There was silence for a moment, and then Susan’s voice sounded clearly in the darkness. “I’m quite certain,” Susan’s voice remarked, “that this is the most dreadful moment of my entire life.”
“At least you’re not buried in half a ton of dirt. Did you know, by the way, that you are owner of a very valuable property here?”
“Yes,” said Susan, remembering that not only did she have candles and matches in her pack, she also had extra batteries for the torch. She lighted a match. “It’s a uranium mine, I understand.”
That dim yellow light made her feel a great deal b
etter.
“If you knew that,” said Jack, “why didn’t you say something about it? It would certainly explain why Harmon doesn’t want to divorce you.”
She took out a candle and put the match flame to the wick. The light got brighter.
Susan’s spirits rose proportionately.
“I just found out half an hour ago. Some man from the government dropped by, I think, to make certain I didn’t sell the mine to a foreign power. You’re quite right,” Susan went on, dropping new batteries into the torch, “about why Harmon doesn’t want to divorce me.
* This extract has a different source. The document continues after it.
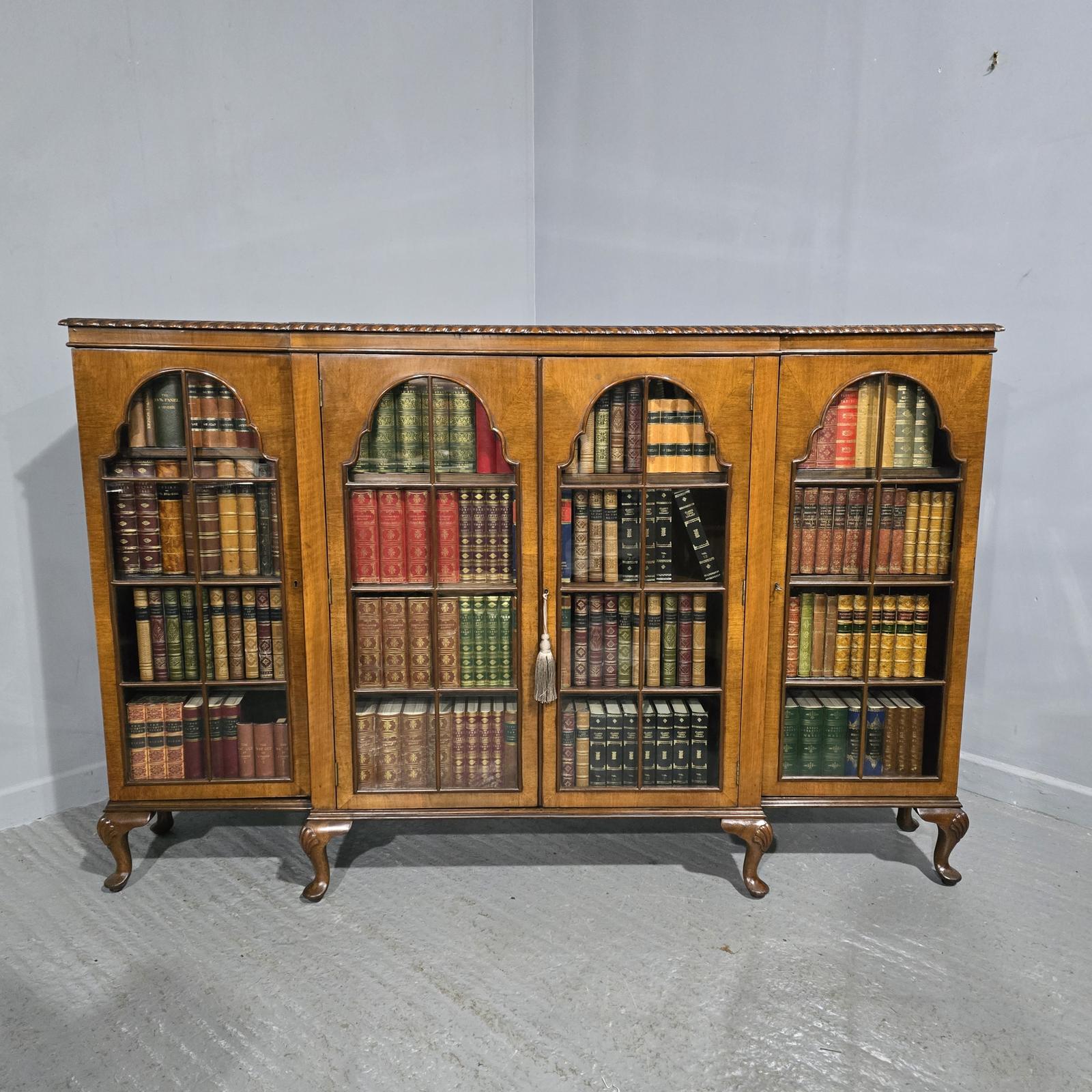 A very nice quality Queen Anne style four door walnut breakfront library bookcase, nine adjustable solid walnut shelves, standing on squat cabriole legs, all working locks with keys, waxed and cleaned ready to be placed in your home.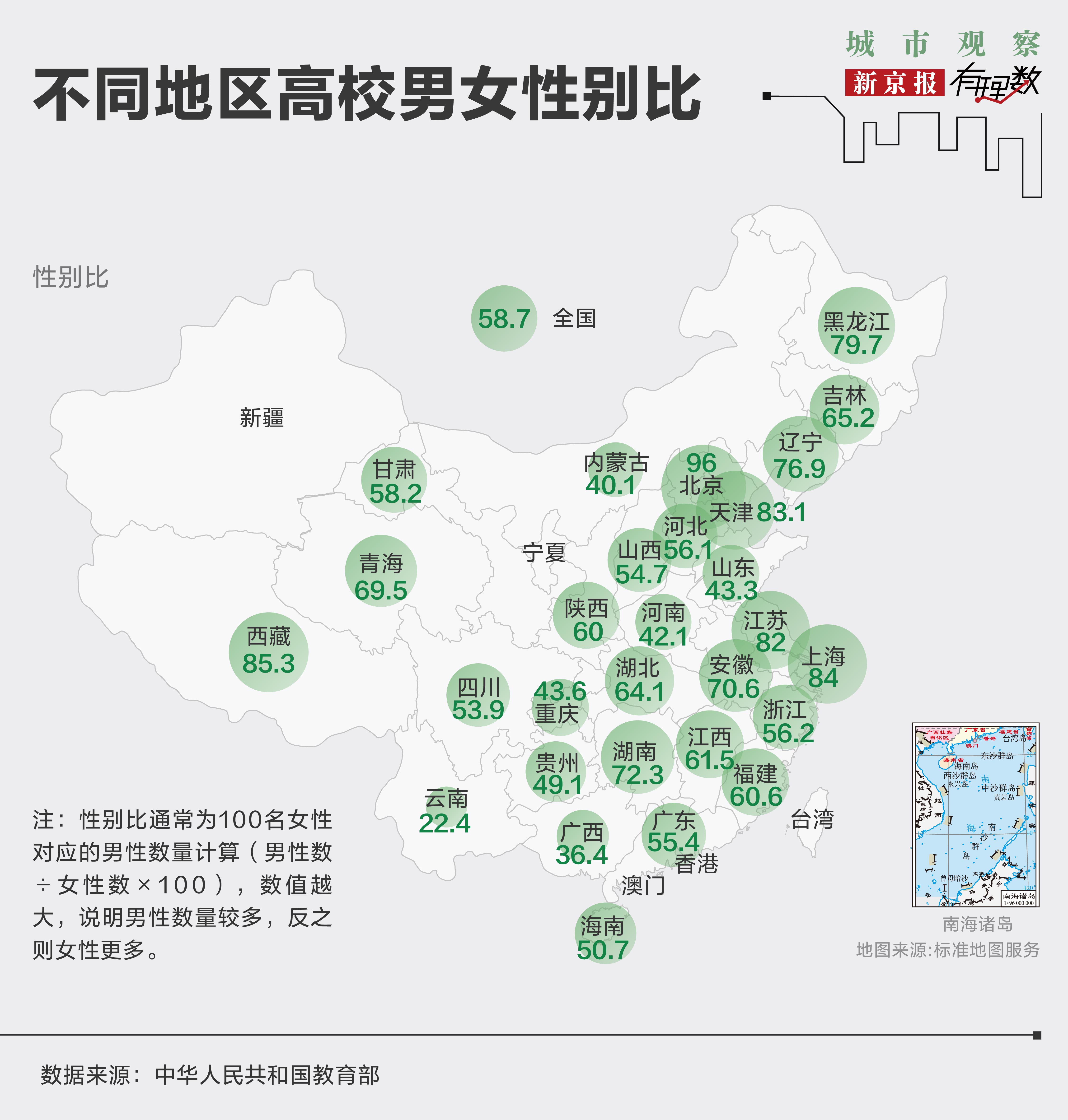 很大原因是因为不同高校、不同地区的录取比例。从2022年各地的录取比例来看,除全国平均性别比快逼近2:1之外,不少省份的数据更呈现出了“阴盛阳衰”。

But do you know why Barbara doesn’t want to divorce you?”
“I’ve no idea,” said Jack. “I honestly haven’t thought much about Barbara in the past few hours. Other matters were more pressing.” Such as the fact that he was buried under half a ton of radioactive soil, three-quarters of a mile deep in the earth, and on top of everything else, had an itch on his right knee that might turn out to be his final sensation.
“The only reason Barbara wanted a divorce from you,” said Susan, brushing away a little dirt from the top of Jack’s head, “is so that she could marry Harmon.”
“Harmon?” echoed Jack, then added parenthetically, “That feels very good. Harmon Dodge. Barbara and Harmon.”
“Yes,” said Susan.
“I find that hard to believe.”
“But if Harmon wasn’t going to divorce me, then there was no reason for her to divorce you. It would be easier to keep their liaison secret if she were still married.”
“Barbara and Harmon?” Jack repeated, trying to get used to the idea. Something hard and cold pressed in over his face, stripping skin from his nose. It was Susan’s torch.
“I can’t see anything but dirt in there,” she said. “You really are buried.”
“I also thought Barbara was too lazy to be unfaithful,” Jack mused. “And I thought that Harmon was attracted only to hat-check girls.”
“I brought a spade,” said Susan. “Shall I dig you out?”
“Please,” said Jack.
Placing the light to one side and a lighted candle to the other, Susan began to dig, tossing the dirt over her shoulder, first to the right then to the left. Scotty and Zelda hung back in the darkness, out of the way of the flying debris.